> **HOW TO COMPLETE THIS TASK**
Print a faithful copy of the data below, word for word, with the pictures left out.

> **THE DATA**
━━━━━━

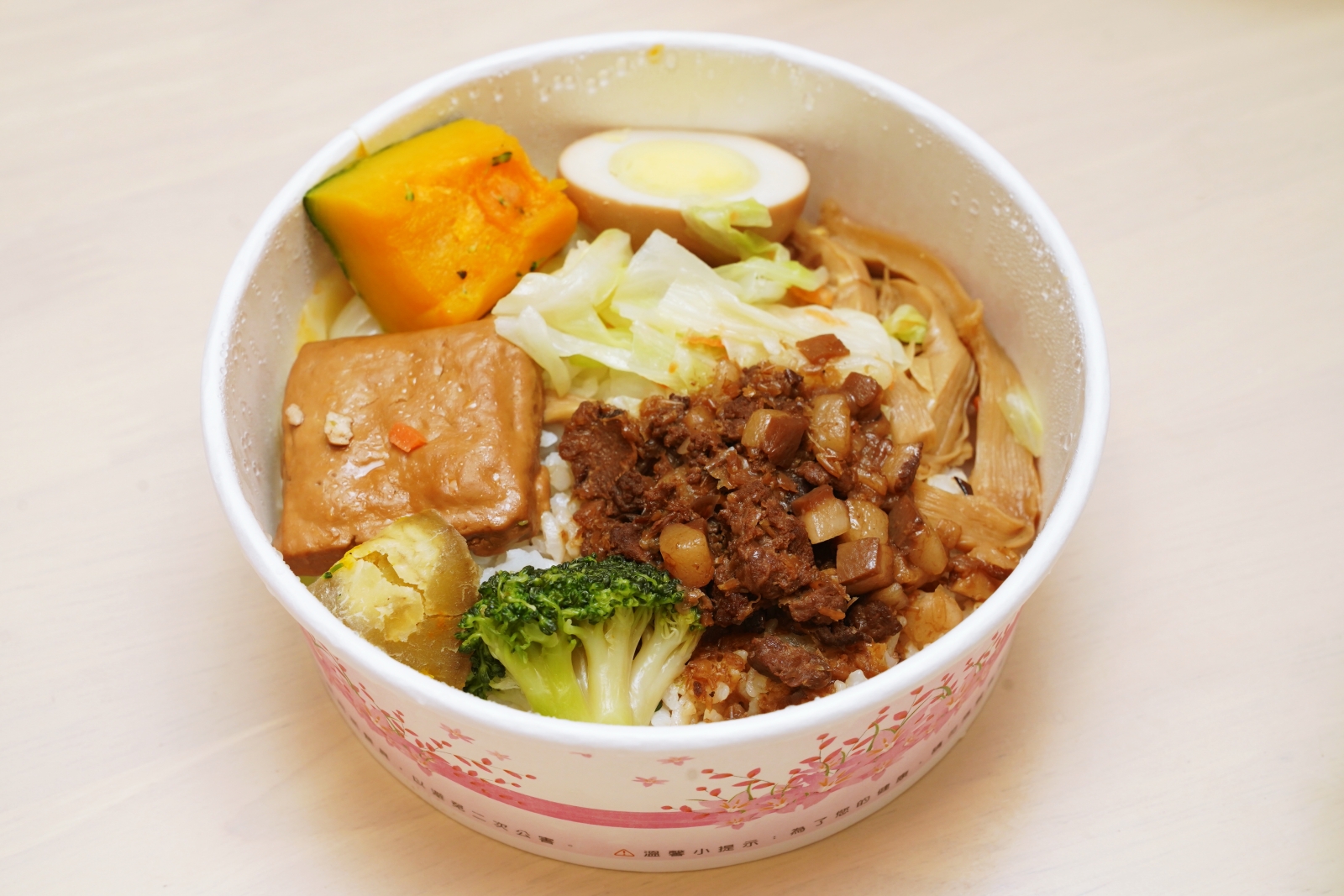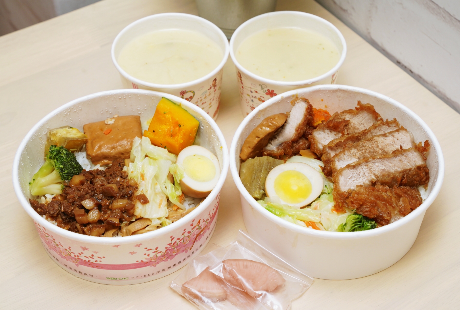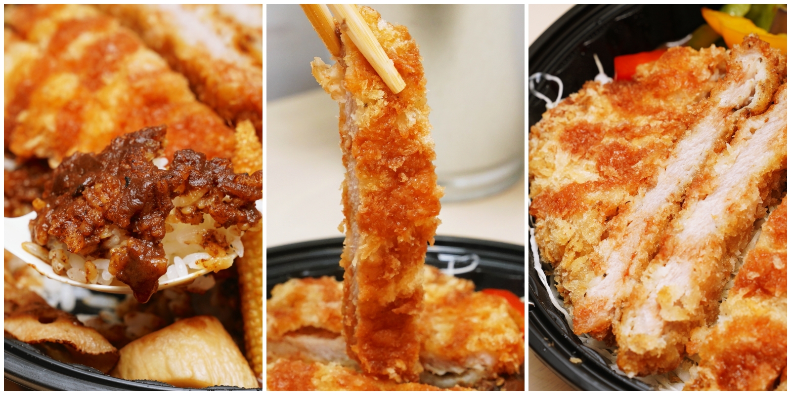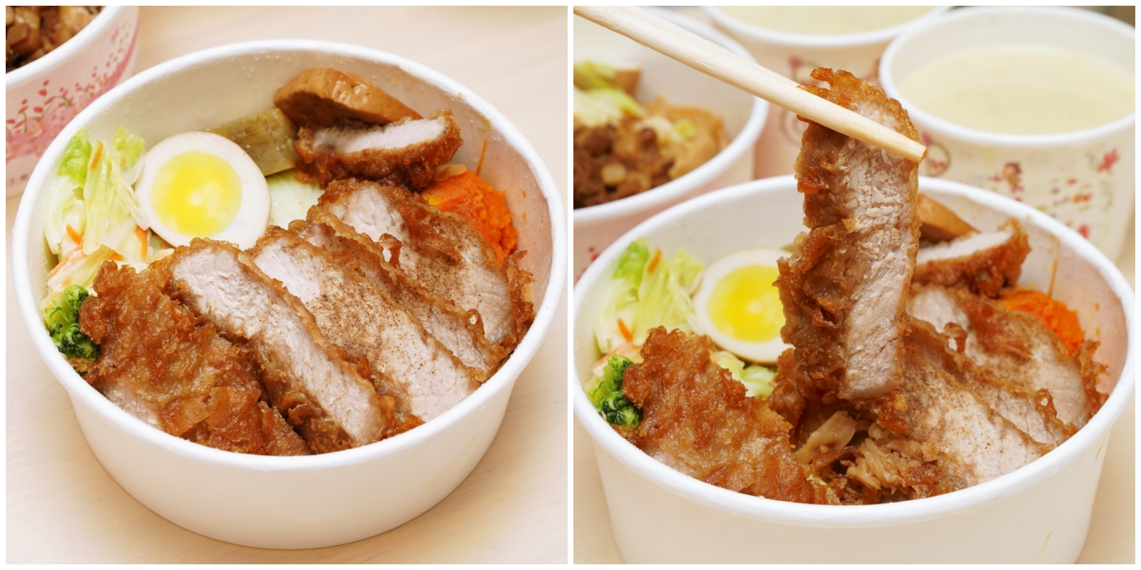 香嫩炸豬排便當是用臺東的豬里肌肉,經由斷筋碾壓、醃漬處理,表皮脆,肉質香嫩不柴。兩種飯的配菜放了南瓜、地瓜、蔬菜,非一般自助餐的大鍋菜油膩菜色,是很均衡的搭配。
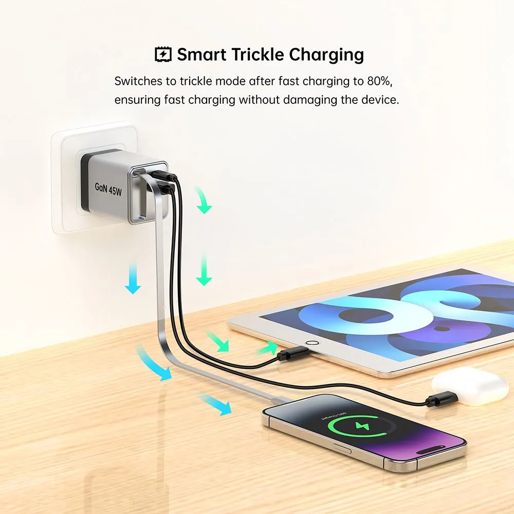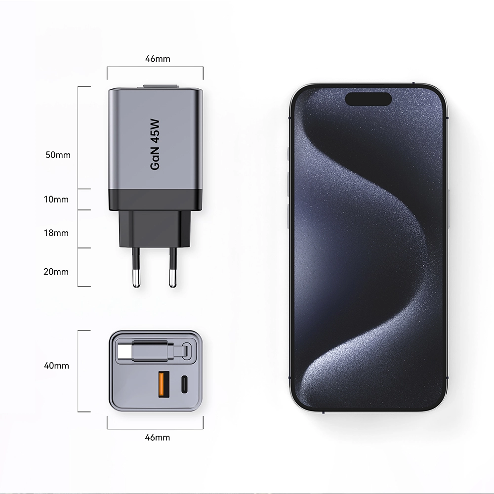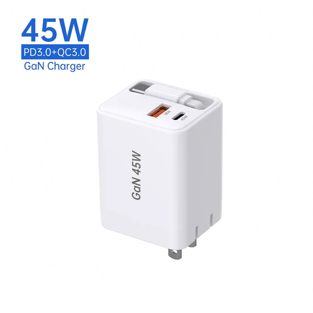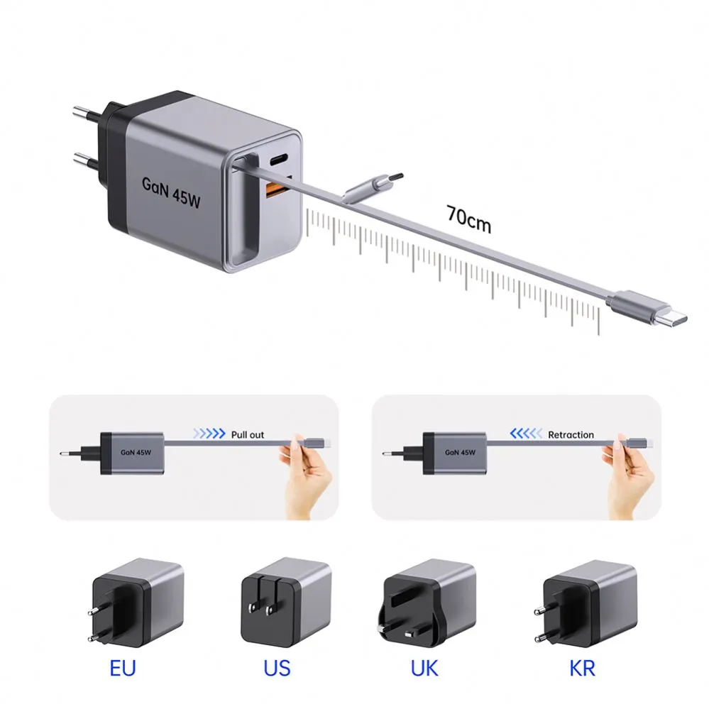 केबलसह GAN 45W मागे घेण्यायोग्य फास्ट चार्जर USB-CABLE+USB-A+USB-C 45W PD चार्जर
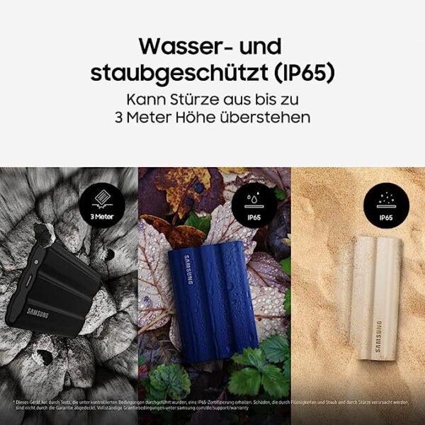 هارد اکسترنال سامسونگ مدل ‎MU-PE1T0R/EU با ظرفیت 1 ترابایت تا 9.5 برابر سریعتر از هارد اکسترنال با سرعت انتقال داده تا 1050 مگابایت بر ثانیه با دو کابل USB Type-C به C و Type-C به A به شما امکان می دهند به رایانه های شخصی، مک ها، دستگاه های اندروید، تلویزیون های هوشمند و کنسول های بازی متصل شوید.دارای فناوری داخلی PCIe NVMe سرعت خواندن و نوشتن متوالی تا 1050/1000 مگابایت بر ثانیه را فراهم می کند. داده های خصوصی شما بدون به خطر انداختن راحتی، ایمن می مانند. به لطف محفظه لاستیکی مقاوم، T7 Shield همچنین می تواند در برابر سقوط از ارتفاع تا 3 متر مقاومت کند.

━━━━━━

> **TASK RESULT**
 香嫩炸豬排便當是用臺東的豬里肌肉,經由斷筋碾壓、醃漬處理,表皮脆,肉質香嫩不柴。兩種飯的配菜放了南瓜、地瓜、蔬菜,非一般自助餐的大鍋菜油膩菜色,是很均衡的搭配。
 केबलसह GAN 45W मागे घेण्यायोग्य फास्ट चार्जर USB-CABLE+USB-A+USB-C 45W PD चार्जर
 هارد اکسترنال سامسونگ مدل ‎MU-PE1T0R/EU با ظرفیت 1 ترابایت تا 9.5 برابر سریعتر از هارد اکسترنال با سرعت انتقال داده تا 1050 مگابایت بر ثانیه با دو کابل USB Type-C به C و Type-C به A به شما امکان می دهند به رایانه های شخصی، مک ها، دستگاه های اندروید، تلویزیون های هوشمند و کنسول های بازی متصل شوید.دارای فناوری داخلی PCIe NVMe سرعت خواندن و نوشتن متوالی تا 1050/1000 مگابایت بر ثانیه را فراهم می کند. داده های خصوصی شما بدون به خطر انداختن راحتی، ایمن می مانند. به لطف محفظه لاستیکی مقاوم، T7 Shield همچنین می تواند در برابر سقوط از ارتفاع تا 3 متر مقاومت کند.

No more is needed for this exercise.